Scaling cluster upgrades for kubernetes
26 Sep 2022 #kubernetesThis post is more of a continuation of the talk I gave over at kubernetes bangalore k8s september 2022 meetup.
Here are the slides, which you can take a peek over, to complement this post, if you would like to go through it before reading further.
Context
I will not repeat the content which is already there in the slides. Will also update this post with the talk link when the talk gets uploaded. But I do want to delve over into the idea of how I feel I would attempt to structure the upgrades next. This post is more on the infrastructure upgrade complexities arising from when managing double digit or more k8s clusters.
What is the bottleneck at the end of the day
To just add to the last idea of the main tweet. Having seen and maintained the terraform setup to create/maintain clusters at a couple of places, and this way of doing it doesn't work very well after you start reaching cluster nos in 10's or 100's and more (1/n) https://t.co/C9cSaE812Q
— Tasdik Rahman (@tasdikrahman) May 3, 2022
We have a state for the cluster, which also ends up being managed by the way we add/delete/create the cluster with, this could be terraform or eksctl config or cloudformation, whatever you have chosen.
The way to introduce change in these types of setups is often more than not a human interaction happening over with them, it could be a terraform plan, apply for example in this case and the state of the change then gets stored in the state file.
Now imagine having to do the same over 10s or 100s of cluster.
I am increasingly leaning towards a way to manage/create the state of the k8s cluster, via some form of a control loop, whereas the whole terraform style of state is to have interrupts around it. While it can very well be engineered to reduce the interrupts, fundamentally I feel the difference in the way to operate the state is different from the terraform style and control loop style management.
This tweet further discusses this idea.
In general I prefer control-loop style Management of infrastructure, especially at scale. It’s easier to manage drift and be proactive about modifications. One-shot stuff like terraform gets fragile over time and it’s harder to evolve, turns out software is OK too.
— Lincoln Stoll (@lstoll) May 3, 2022
Ways to think about efficiently managing this drift and human bottleneck problem
As described in the last tweet, the control loop managing the state of the infrastructure in question, makes us think more in the direction in which [cluster-api] tries thinking around managing infrastructure. I have come across https://github.com/openshift/managed-upgrade-operator, which is the closest I have seen an OSS implementation going towards a complete implementation of this style of operation.
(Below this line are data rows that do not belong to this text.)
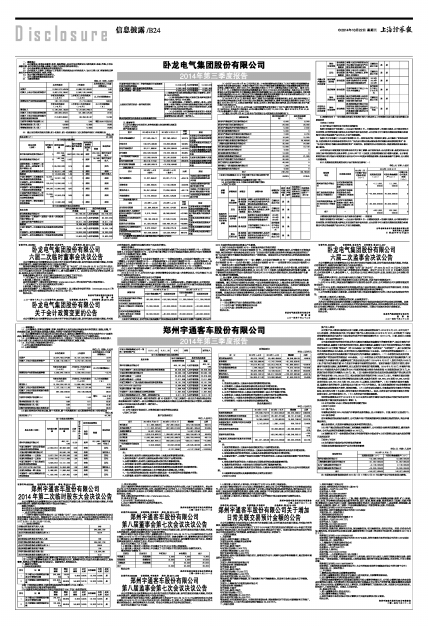 二〇一四年十月二十二日证券代码:600580 证券简称:卧龙电气 公告编号:临2014-046
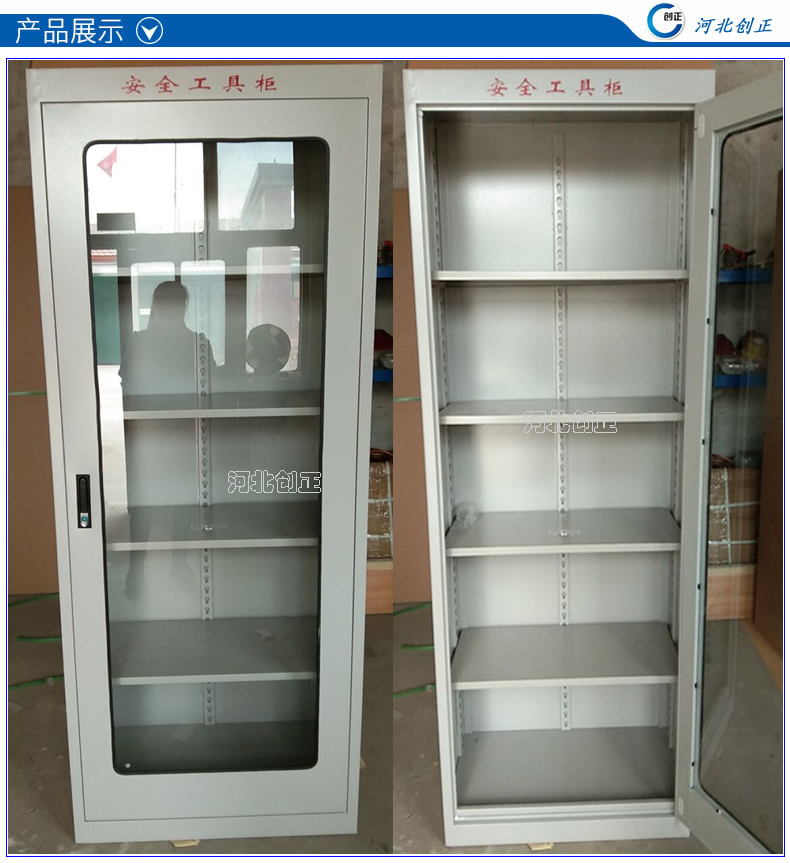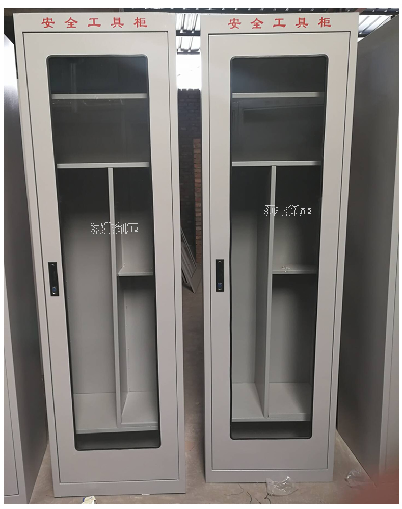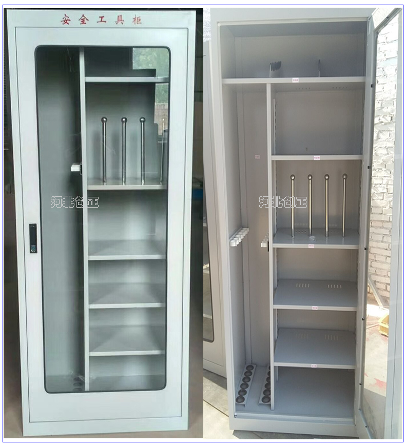 1、柜體是冷軋鋼板卷壓成型,厚度有1.0mm,1.2mm,1.5mm供選擇。柜體表面采用靜電防腐噴塑工藝,顏色為駝灰色,柜門裝有通體透明鋼化玻璃,透過玻璃可以看到分類有序的工器具。
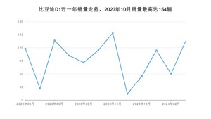 2024年3月,比亚迪D1销量为135辆,同比增长14.41%,环比增长125%。2023年03月-2024年03月份,比亚迪D1销量为1115辆,同比增长5.79%。
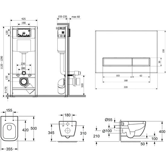 | Плюсы: | спасение для узких и мелких комнат. работает бесшумно, что плюс, если помещение сопряжено с комнатами отдыха. Спуск воды мощный. кнопки удобные (эконом+полный). |

Reasonably well documented and how I would probably lean into solutioning this problem for a large scale cluster sprawl when trying to solve it the next time.
While there are more examples of automation of rolling upgrades for node groups out there in the form of https://github.com/keikoproj/upgrade-manager, taking over the control loop approach for a specific subset of the problem statement of the upgrade process, in this case the node operations.
Along with https://github.com/hellofresh/eks-rolling-update and https://github.com/deliveryhero/k8s-cluster-upgrade-tool(P.S. is written by me), both of which are human operated, while although do solve the problem in case, a subset of it if not all, but the openshift’s implementation is a more human interrupt free way to go about the cluster upgrade process, which is what will allow the cluster upgrade process to be sustainably executed at the end of the day, without a lot of toil and effort. Even though if we end up adding the operations of cluster upgrade process further to this way, operations like control plane upgrade, upgrade of the managed node groups and k8s components, we have to at the end of the day, wrangle with the state and modifying it further with the tools which we would have created/managing the specific k8s resources.
Closing thoughts
The control loop strategy would make us the question or reconsider how we are creating and managing these k8s specific resources like control plane for the managed provider/self hosted cluster, managed node groups/self hosted node groups and the k8s components managed by helm. In any case, I foresee someone wanting to consolidate their automation or creation/management process back to the control loop automation which they have in order to have standardisation over time. More of this automation introduced would more more moving codepieces leading to maintenance creep, but the cost of which would be justifiable if you are measurably reducing the effort of the cluster upgrade process for the x number of clusters you own/manage/run.
The whole IAC being run via atlantis and having terragrunt to run plan/apply in the CI is a not so uncommon of a setup as of now, but the churn of cluster upgrades and the complexity which comes up with it, is the not the same as managing a couple of managed services via the terraform config, upgrade/delete of which is most of the times a one step plan/apply.
While to each to their own setup. But in general, reaching to a state where k8s clusters itself are not pets, is a fairly complex problem. If you have already reached that state, then your state of a new cluster creation is very mature, cleaning up of which might be the next logical step to think about, after which you can do a blue-green deployment of the new cluster setup. But again, I have not seen this work out successfully so far, hence, don’t think of your k8s cluster as a pod by this extension of thinking. Save the state of the cluster in a way in which you can modify it over time with your tooling.
If you have implemented some other setup for a large sprawl of k8s clusters for yourself. Would love to hear more about it.